→ EXERCISE PROMPT
This exercise asks for an exact copy of the lines from the one containing "パール金属 旨味 ふっ素加工IH対応ガラス蓋付卓上鍋 30cm HB-6967" through the final line of the material, with pictures omitted.

→ GIVEN DATA
□ □ □ □ □ □ □

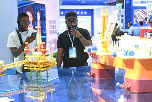 (251016) -- FUZHOU, 16 octubre, 2025 (Xinhua) -- Participantes visitan la Conferencia Mundial de Equipo Marítimo 2025, en Fuzhou, en...
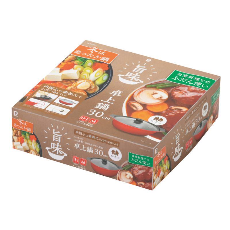 パール金属 旨味 ふっ素加工IH対応ガラス蓋付卓上鍋 30cm HB-6967
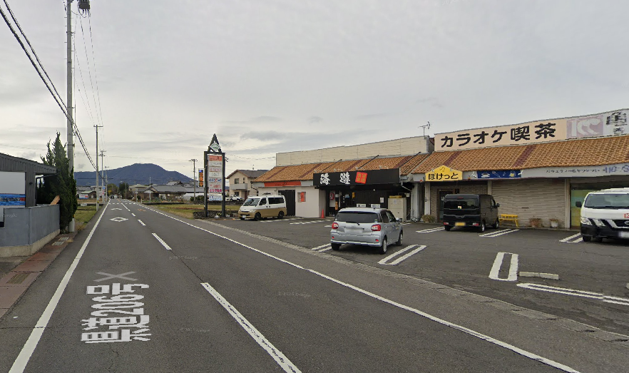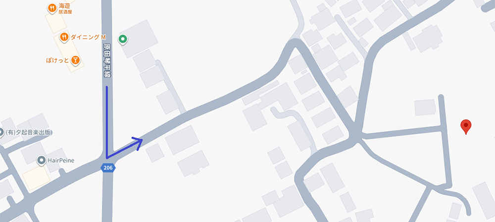 写真の「居酒屋海遊」「ダイニングM」などの店舗が見えてきたら、すぐ先の交差点を左折し東へ進んでください。

□ □ □ □ □ □ □

→ WRITTEN REPLY
 パール金属 旨味 ふっ素加工IH対応ガラス蓋付卓上鍋 30cm HB-6967
 写真の「居酒屋海遊」「ダイニングM」などの店舗が見えてきたら、すぐ先の交差点を左折し東へ進んでください。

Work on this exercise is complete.